====== Information provided ======

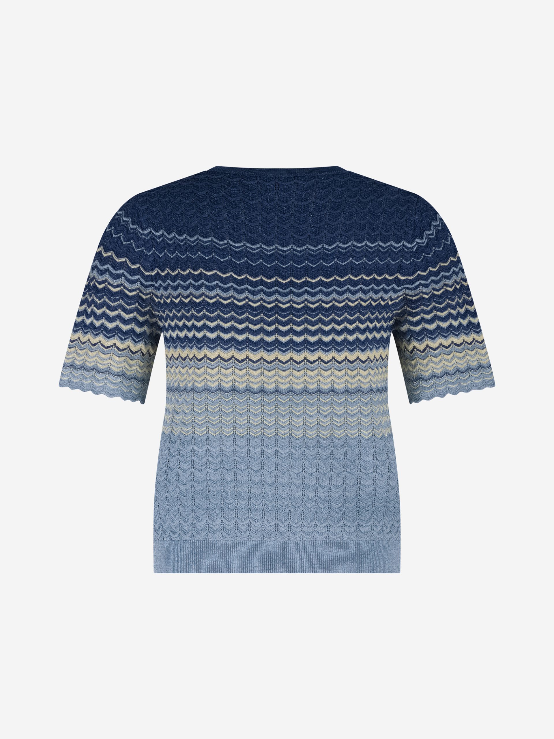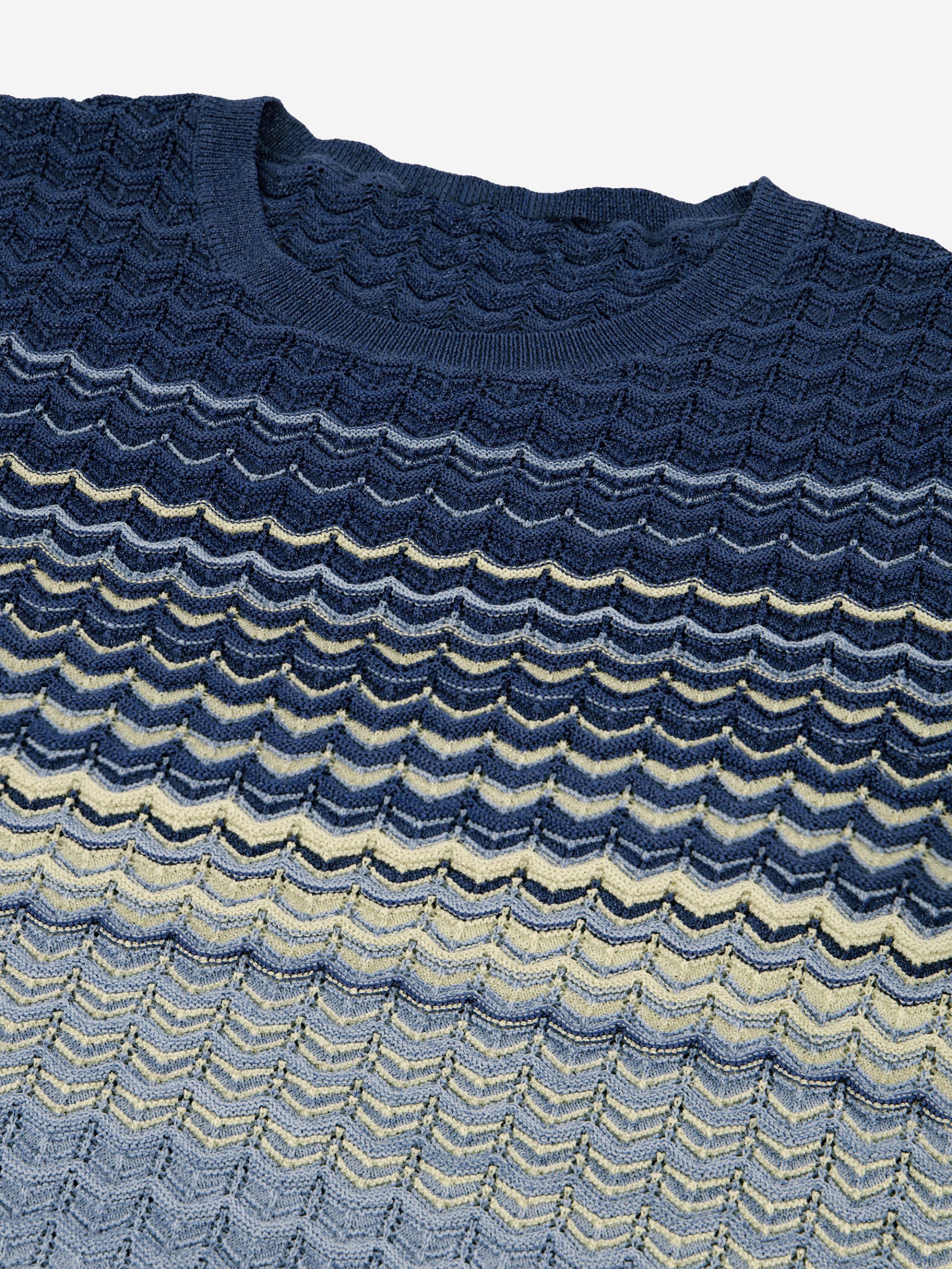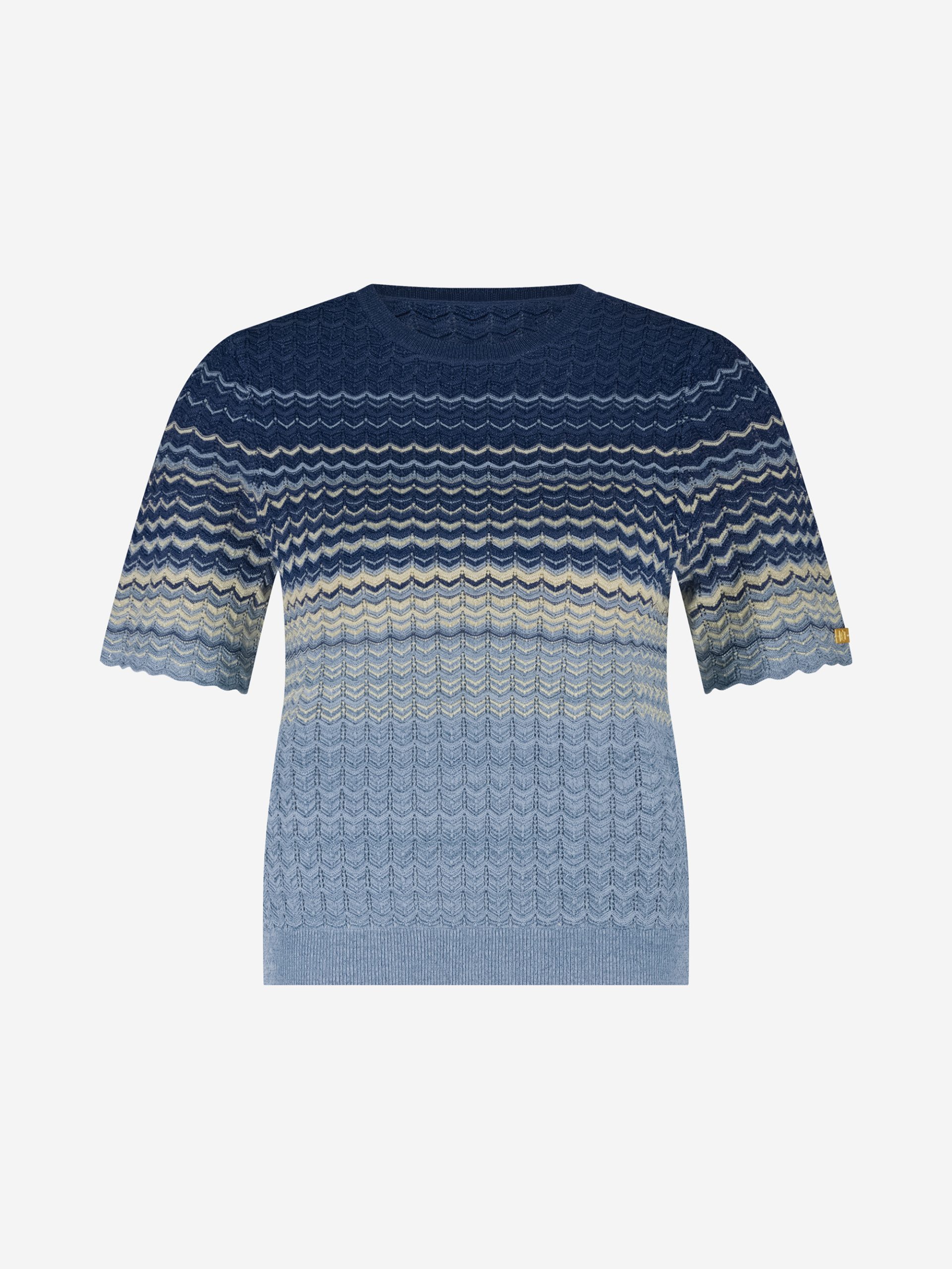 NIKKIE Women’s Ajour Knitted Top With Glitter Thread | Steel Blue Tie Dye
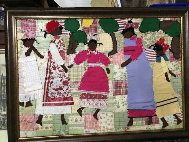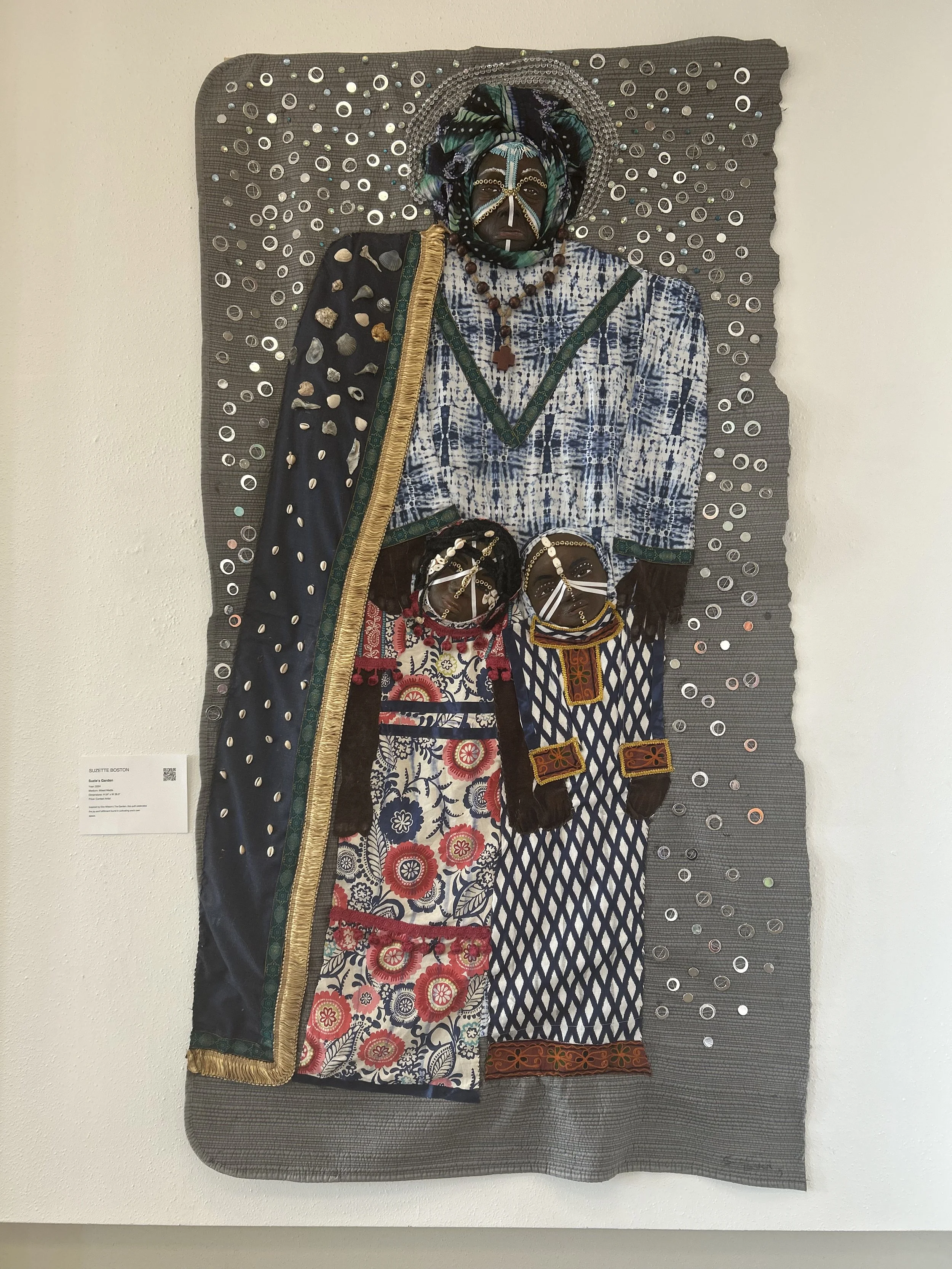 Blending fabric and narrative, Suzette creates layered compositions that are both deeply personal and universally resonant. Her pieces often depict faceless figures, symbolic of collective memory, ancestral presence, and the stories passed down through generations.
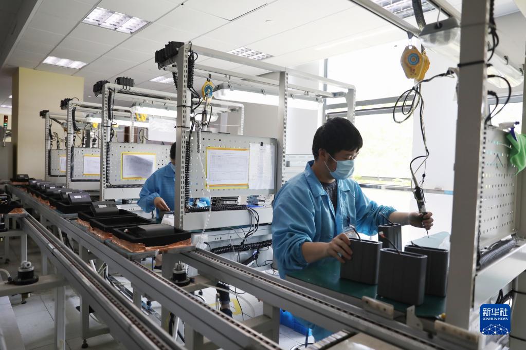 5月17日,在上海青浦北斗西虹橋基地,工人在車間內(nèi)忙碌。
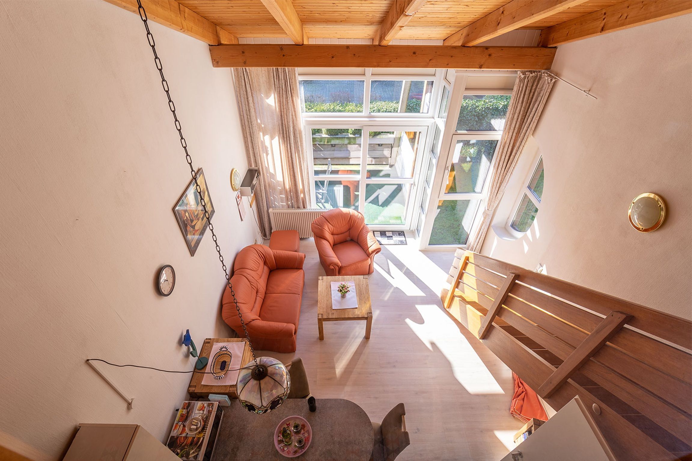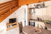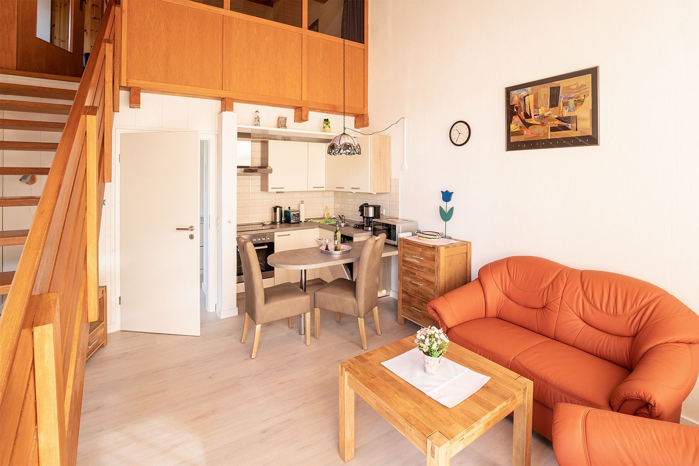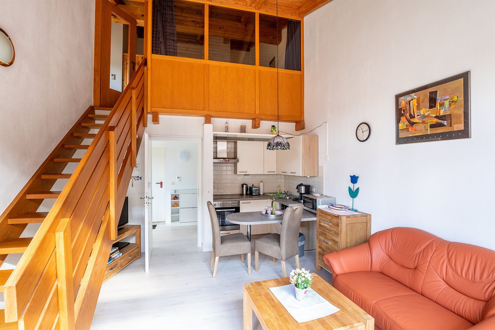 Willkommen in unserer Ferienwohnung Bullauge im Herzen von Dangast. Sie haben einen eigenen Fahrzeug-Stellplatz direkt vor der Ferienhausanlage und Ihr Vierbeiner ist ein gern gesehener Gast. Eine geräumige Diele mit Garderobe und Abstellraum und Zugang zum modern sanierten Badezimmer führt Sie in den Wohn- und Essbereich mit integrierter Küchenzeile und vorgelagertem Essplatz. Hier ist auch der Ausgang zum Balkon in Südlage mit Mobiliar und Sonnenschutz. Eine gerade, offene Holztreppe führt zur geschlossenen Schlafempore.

======

▸ Directions for this task
The whole listing is to be duplicated verbatim, apart from its images.

▸ Result of the exercise
 NIKKIE Women’s Ajour Knitted Top With Glitter Thread | Steel Blue Tie Dye
 Blending fabric and narrative, Suzette creates layered compositions that are both deeply personal and universally resonant. Her pieces often depict faceless figures, symbolic of collective memory, ancestral presence, and the stories passed down through generations.
 5月17日,在上海青浦北斗西虹橋基地,工人在車間內(nèi)忙碌。
 Willkommen in unserer Ferienwohnung Bullauge im Herzen von Dangast. Sie haben einen eigenen Fahrzeug-Stellplatz direkt vor der Ferienhausanlage und Ihr Vierbeiner ist ein gern gesehener Gast. Eine geräumige Diele mit Garderobe und Abstellraum und Zugang zum modern sanierten Badezimmer führt Sie in den Wohn- und Essbereich mit integrierter Küchenzeile und vorgelagertem Essplatz. Hier ist auch der Ausgang zum Balkon in Südlage mit Mobiliar und Sonnenschutz. Eine gerade, offene Holztreppe führt zur geschlossenen Schlafempore.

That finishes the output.